I say “think hard” intentionally. ThoughtWorks, the inventors of Agile (eh), are known for delivering almost all of their projects on time and within budget. In software, that is RARE. Last I heard, they spend around 80% of their time on requirements, design, and architecture. Only 20% of most project’s execution time and resources go to coding.
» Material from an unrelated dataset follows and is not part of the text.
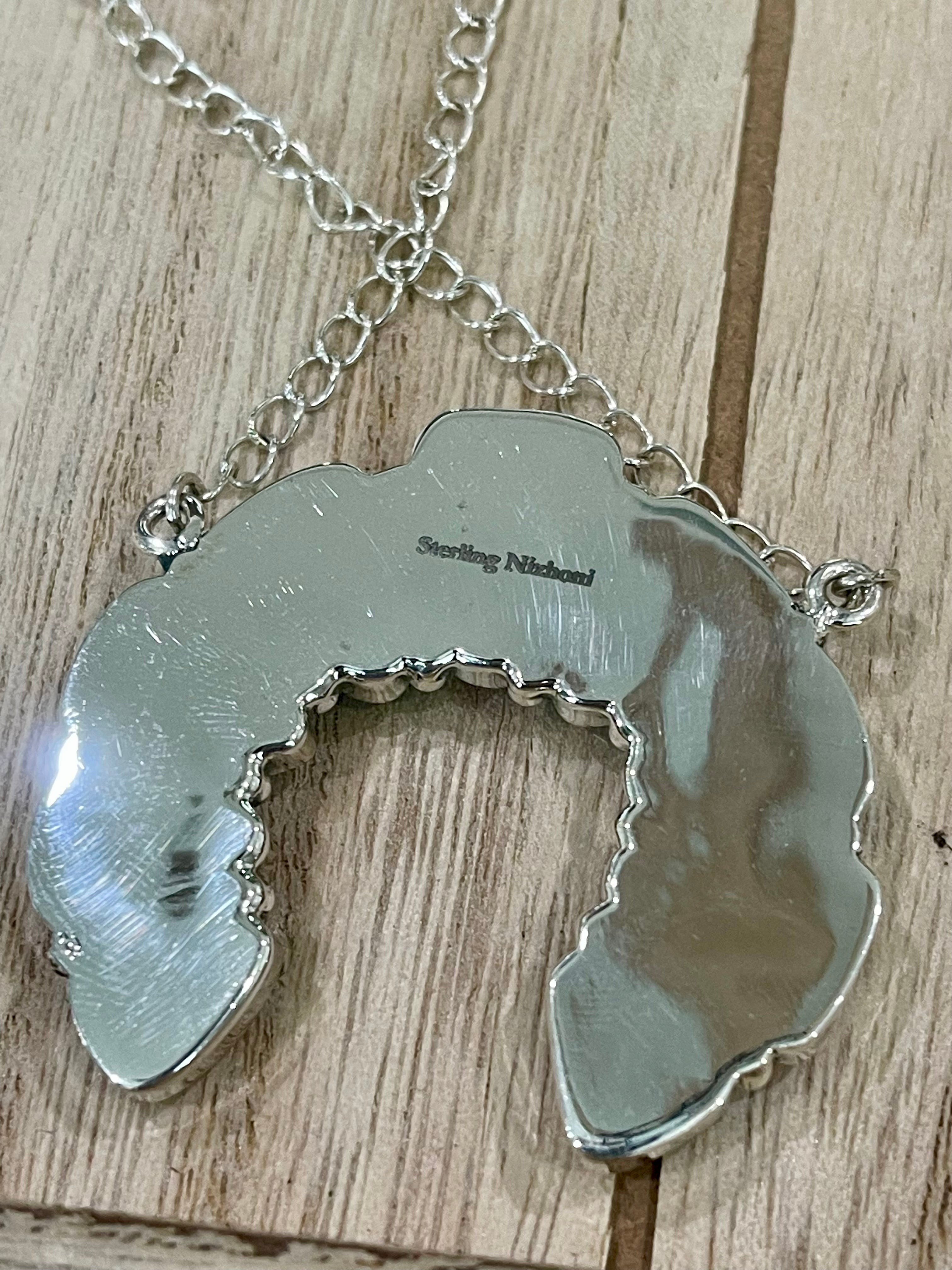 This is a Handmade Cotton Candy Sterling Silver necklace. This necklace is gorgeous. The necklace measures about 16-18 inches long. The pendant measures just about 1 3/4 inches long & 1 3/4 inches wide.

It’s impossible to overstate the criticality of proper abstraction and code contract design. It’s the difference between adding features taking an an hour vs weeks. If you can handle code contracts the way Kafka handles topic changes (addition-only), you know you’ve done a good job designing them. It’s also the quickest AND safest way.

There are eight rules in Fight Club so let’s shoot from the hip for 8 measures that may give you clues for effectively modulating the abstraction dimensionality in a service:

Cyclomatic complexity. V(G)=E−N+2P, yo. Ideally under 10, hopefully under 20.
Code duplication - consider percentage AND per-module density. Less than 5%.
Depth of Inheritance (for you OOO people) - should track #1 in the exact inverse.
Afferent / Efferent Coupling - Low Afferent = flexible; Low Efferent = stable.
Halstead Volume, Effort & Difficulty - actually ok at estimating how buggy stuff is.
Response for Class (OOO #2) - scaling often lock-stepped with #3, lower = better.
Fan- …In = many functions call yours = reusable. Out = you call many = complex.
Weighted Methods per Class (OOO strike 3): high WMC = maintenance nightmare.

Admittedly, really stretching here by trying to have 8 generally applicable ones. These are useful for sizing up what you are getting into quickly, what feature velocity and defect rate you should expect, etc. Like most statistics, they require the interpreter to understand the nuances so they can be leveraged pragmatically instead of be toxic.

You can use these to evaluate existing code and greenfield implementation designs - but remember, unless you are a F500 exec, hitting metrics which only exist for the sake of metrics probably won’t help you or your team. Don’t talk about Fight Club.

Consider your consumers and the overall system architecture. If your evaluation of how to implement a feature doesn’t start with “should this be an API call or a system event”, it probably should. Encourage your engineers to get very familiar and intimate with the high level system architecture, especially if you are in a bigger organization.

One way of doing this is making sure your architects regularly communicate with your engineers. Don’t call a group meeting and waste the whole team’s time - that’s where productivity goes to die. Encourage them to schedule 15min 1-on-1s with engineers, get their opinion, feedback, and suggestions for a design before the formal proposal.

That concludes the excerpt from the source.